29th Mayor of Tupelo, Mississippi
- Incumbent
- Assumed office July 1, 2021
- Preceded by: Jason Shelton

Personal details
- Born: June 18, 1970 (age 55) Tupelo, Mississippi, U.S.
- Party: Republican

= Todd Jordan =

American football punter and quarterback (born 1970)

Todd Jordan (born June 18, 1970) is an American politician and former football player who is currently the mayor of Tupelo, Mississippi.

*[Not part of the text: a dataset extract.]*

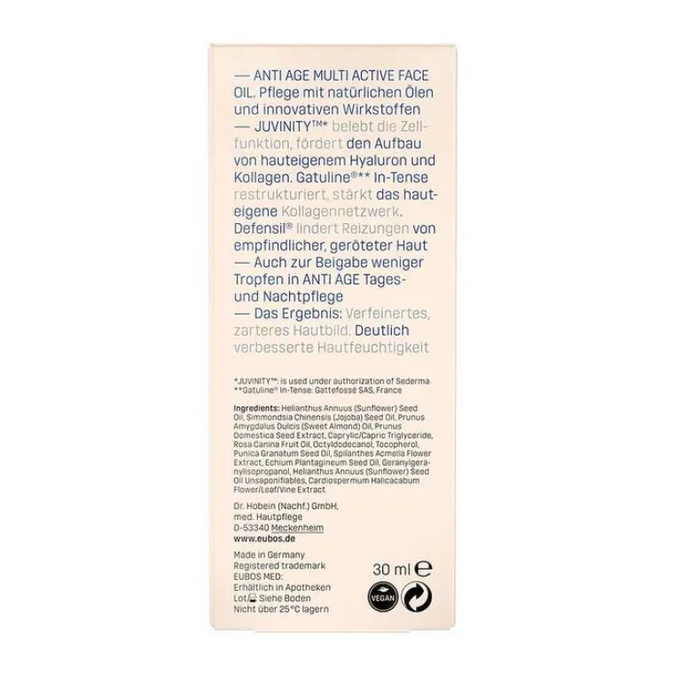 Das Eubos Anti-Age Multi Active Face Oil ist eine Pflege mit natürlichen Ölen und innovativen Inhaltsstoffen. Juvinity™*belebt die Zellfunktion, fördert den Aufbau von hauteigenem Hyaluron und Kollagen. Gatuline** In-Tense restrukturiert, stärkt das hauteigene Kollagennetzwerk. Defensil (ein pflanzlicher Wirkstoffkomplex mit Extrakt aus Herzsamen) lindert Reizungen von empfindlicher, geröteter Haut. Eubos Anti-Age Multi Active Face Oil ist auch zur Beigabe weniger Tropfen in die Anti Age Tages- und Nachtpflege geeignet. Das Ergebnis ist ein verfeinertes, zarteres Hautbild und eine deutlich verbesserte Hautfeuchtigkeit.

He was a punter for one season with the San Antonio Texans of the Canadian Football League. He played college football for the Mississippi State Bulldogs.

==Football career==

===College career===
Jordan played for the Mississippi State Bulldogs as a quarterback and punter from 1989 to 1993. He recorded 2,741 yards and fourteen touchdowns while completing 205 of 440 passes during his college career. He also accumulated 4,793 punting yards on 112 punts.

===College statistics===

Year: Team; G; Passing; Rushing; Total offense; Punting
CMP: ATT; CMP%; YDS; TD; INT; RAT; ATT; YDS; TD; TOFF; TDR; P; YDS; AVG
1989: Mississippi State; 11; 41; 84; 48.8; 451; 2; 8; 82.7; 10; -40; 0; 411; 2; 0; 0; 0.0
1990: Mississippi State; Redshirt
1991: Mississippi State; 11; 6; 11; 54.5; 87; 1; 2; 114.6; 8; 13; 1; 100; 2; 4; 123; 30.8
1992: Mississippi State; 10; 27; 51; 52.9; 268; 0; 1; 93.2; 17; -26; 0; 242; 0; 52; 2,267; 43.6
1993: Mississippi State; 11; 131; 294; 44.6; 1,935; 11; 9; 106.1; 42; -13; 1; 1,922; 12; 56; 2,403; 42.9
Totals: 43; 205; 440; 46.6; 2,741; 14; 20; 100.3; 77; -66; 2; 2,675; 16; 112; 4,793; 42.8

===Professional career===
Jordan was on the Las Vegas Posse's practice roster in 1994 and became a free agent when the team folded. He played in eighteen games for the San Antonio Texans as the team's punter during the 1995 season. He recorded 4,459 punting yards on 107 punts.